Bernarda Fink en Goffredo, cela s'annonçait à la fois prometteur et risqué. Prometteur grâce au talent admirable de cette très belle artiste par trop discrète; et risqué tout simplement parce que cela semblait tout de même un contre-emploi. Et c'est un peu le cas, même avec toute la bonne volonté dont fait preuve la mezzo argentine pour nous convaincre. La douce et rassurante Bernarda Fink en capitaine de l'armée chrétienne, en combatif chef des Croisés, bref en Godefroy de Bouillon, tout de même! on a parfois un peu de mal à y croire. Fort heureusement, le personnage de Goffredo tel que présenté dans l'opéra est aussi éloigné de l'ascèse du pieux vieillard dépeint par Torquato Tasso que de la violence sanguinaire du Godefroy qu'a retenu l'Histoire. Bien plus, même, Händel en fait un homme certes volontaire et déterminé, mais avec ses inquiétudes et sa part de fragilité; et c'est là que la voix somptueusement chaleureuse et veloutée de Bernarda Fink fait merveille - son "Mio cor, che mi sai dir?", traduisant superbement les angoisses d'un père pour sa fille et d'un paladin pour son fidèle compagnon d'armes, est véritablement poignant.x

Le cas des rôles secondaires, en revanche, est plus litigieux. Daniel Taylor est bien insignifiant et monotone en Eustazio (mais il est vrai que le rôle n'est pas des plus gratifiants dans sa répétitivité), et les deux Sirènes sont tout simplement anorexiques! Seul Bejun Mehta tire son épingle du jeu, dans un rôle (un Mage chrétien dont la seule question qu'il soulève est: "mais que peut-il bien faire tout seul en plein milieu d'Israël?!") malheureusement aussi épisodique que peu intéressant, et vite oublié. Quant à Mark Padmore, il n'a qu'une phrase de récitatif ...

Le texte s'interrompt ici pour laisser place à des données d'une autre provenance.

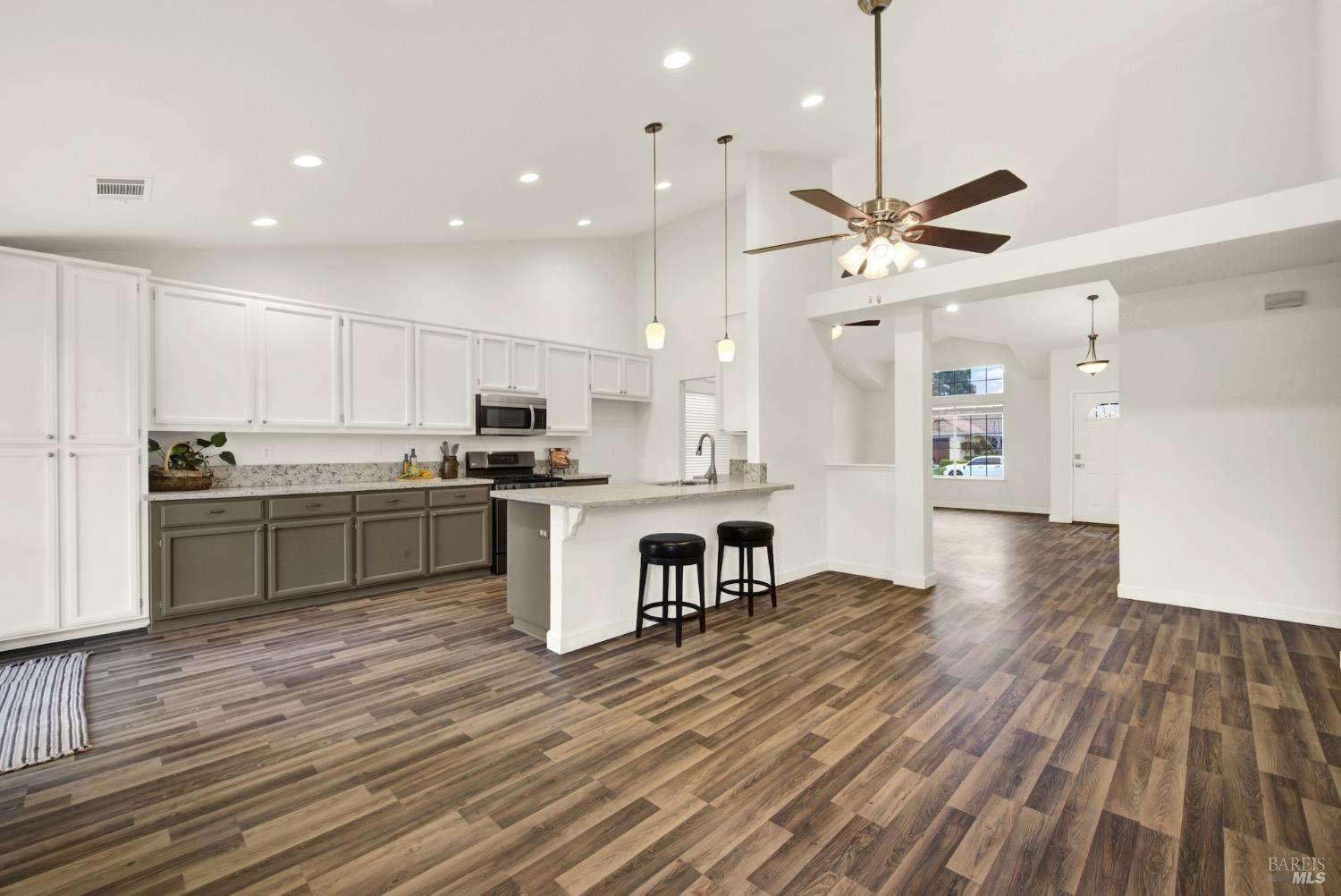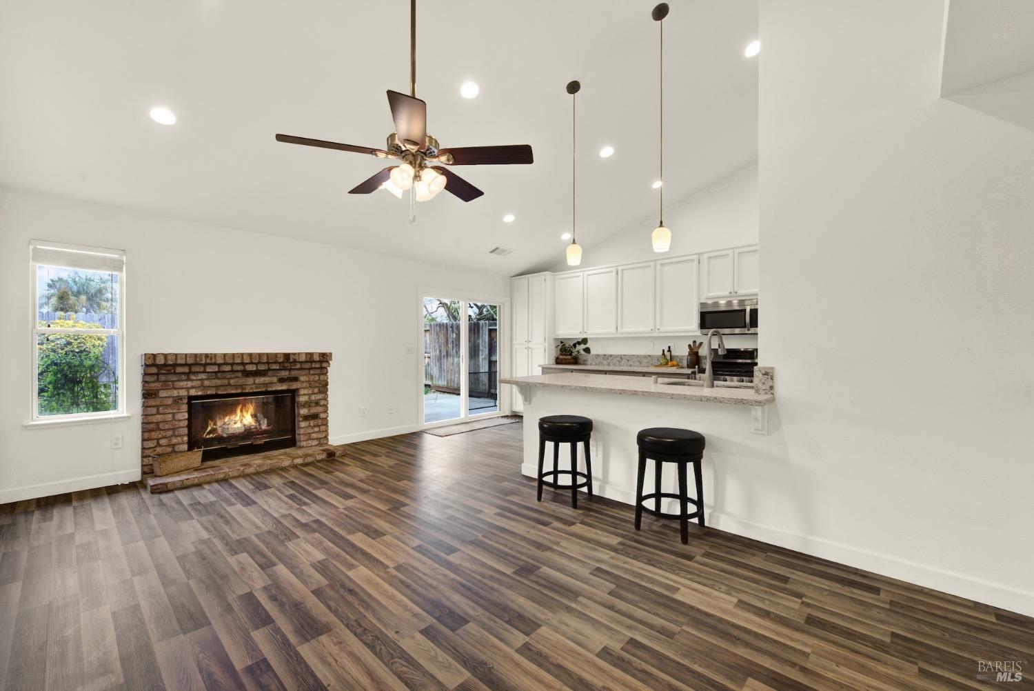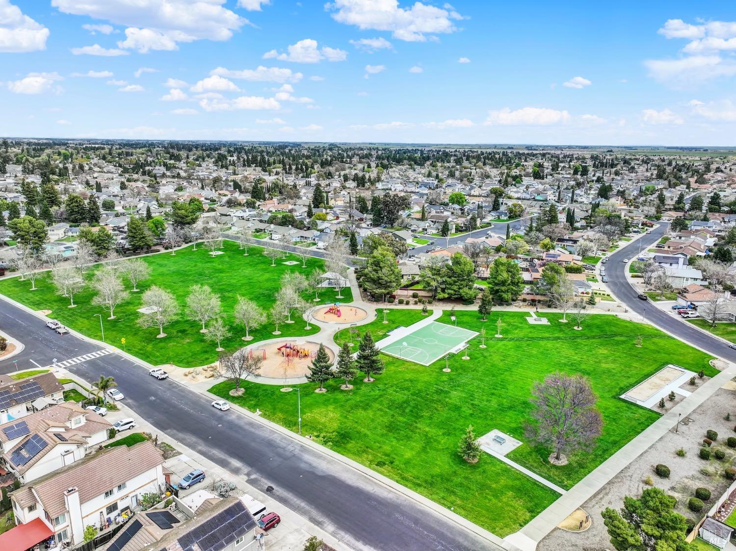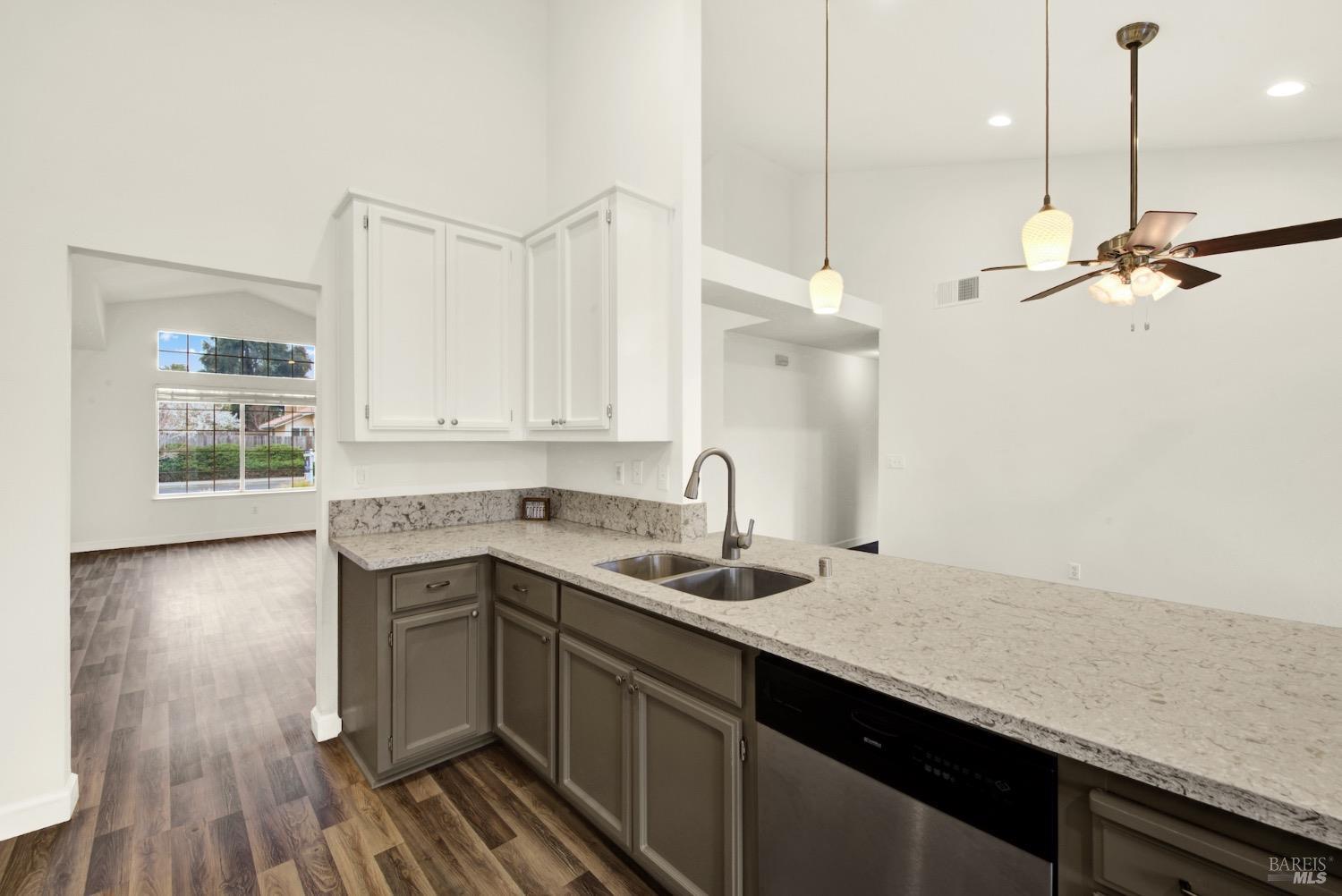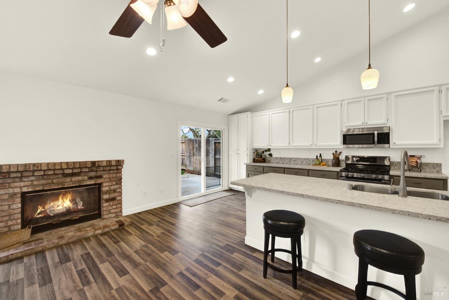 This move-in-ready 4-bed, 2-bath single story home in Vacaville's Foxwood subdivision offers 1,791 sq. ft. of living space, with soaring ceilings and bright natural light. Features include a spacious kitchen with granite countertops, recessed lighting, and new carpet in the bedrooms. Recent updates include a new hot water heater, HVAC system (5 yr), garage door & opener (2 yr), and exterior paint (6 yr). Enjoy easy-care laminate flooring in main living areas, a tile roof, and upgraded front and rear landscaping with sprinklers. The primary suite boasts a vaulted ceiling, double closets, plus an extra-large shower and granite counters in the updated primary bathroom. The garage comes with cabinetry and a workbench. The driveway is extra wide for lots of parking options. Located near parks, schools, and with easy access to I-80, this home is in the highly-rated Travis Unified School District and just 15 minutes from Travis AFB. A must-see! Pest & Roof Clearance repairs will be completed 3/1. 4th bedroom has double doors but no closet. It also makes for a great office or 3rd living area. Fruit trees in backyard for homemade lemonade!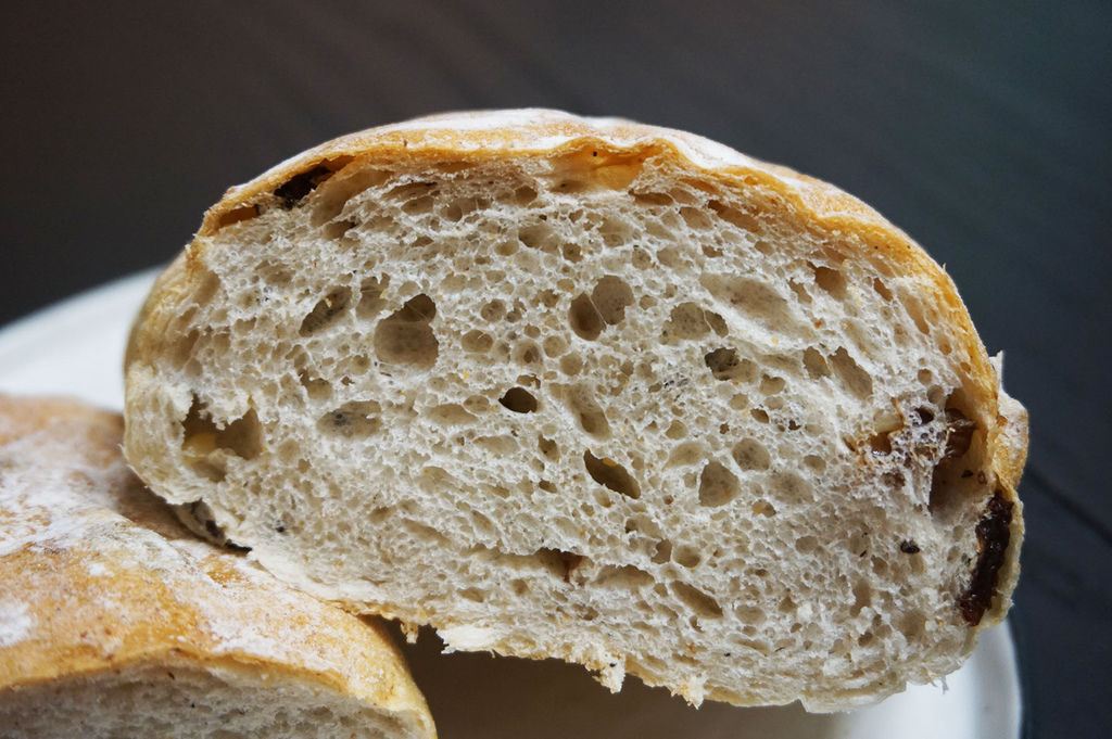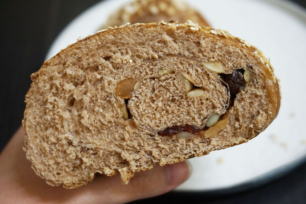 用全麥麵粉下去做的,多了麥跟胚芽的香氣,裏頭加入了不少堅果類跟葡萄乾,吃起來很有口感,堅果的香氣藉由咀嚼慢慢散發出來,葡萄乾更是我的最愛,甲上林的葡萄乾大而且還是充滿水分的,不會乾乾的,吃起來酸甜酸甜很迷人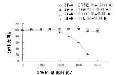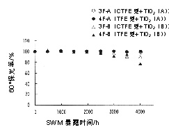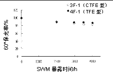 根據日本文獻的試驗結果,來比較3F型和4F型FEVE的耐候性。文獻中介紹,通過一種陽光老化機(SWM:Sugn測試儀器有限公司)暴露結果如圖1所示[2]。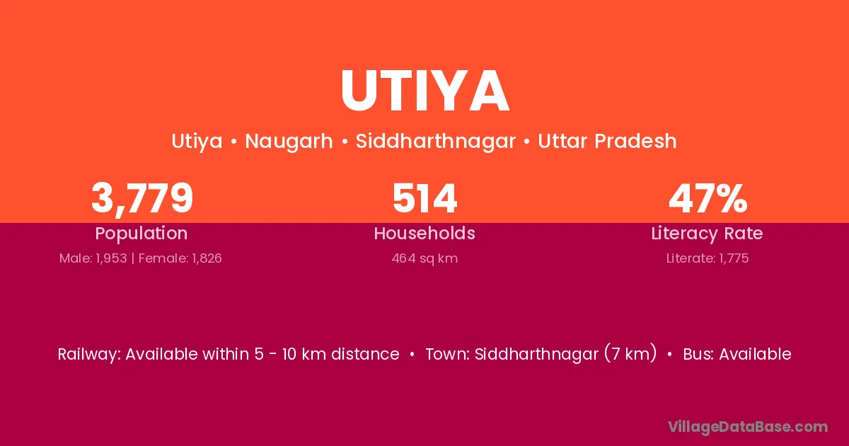 Siddharthnagar (7 km) is the nearest town to Utiya village for major economic activities and is located approximately 7 km away.

Et la direction de Christopher Hogwood dans tout ça? Et bien, la direction de Hogwood, elle est... honnête. Il fait juste ce qu'il faut pour soutenir ses chanteurs et maintenir l'attention, avec des musiciens fort recommandables, et le résultat est bon, mais ne nous voilons pas la face: dans une partition telle que Rinaldo, ce n'est pas du bon qu'il faut, c'est de l'exceptionnel! On aimerait que cela bondisse, que cela jaillisse, que cela glace les sangs, que cela dresse les cheveux sur la tête, que cela explose de toutes parts, que cela danse et que cela éblouisse, que cela secoue et que cela caresse l'oreille, bref, que le spectacle auditif soit au moins aussi fantastique que le spectacle visuel prévu par le livret! Bien sûr, on ne demande pas à Hogwood de nous faire un Disneyland musical et baroque, mais tout de même! Ce qu'il nous offre là est bien gentillet (même si les trompettes et timbales du "Or la tromba" sont d'une énergie assez décoiffante, il faut l'admettre)... Et l'on se prend à rêver: ah! si seulement cet enregistrement avait été confié à un Jacobs, à un Christie, à un Minkowski! Mais ne nous plaignons tout de même pas outre mesure: ce Rinaldo est somme toute bien divertissant et joli (un petit coup de chapeau au passage au responsable des effets spéciaux qui fait de son mieux pour nous offrir des éclairs et des dragons tout ce qu'il y a de plus sympathiques!), et n'a aucun mal à s'imposer dans un discographie bien maigre pour une oeuvre de cette envergure. A écouter donc absolument, pour la musique de Händel, et surtout pour les cinq chanteurs principaux.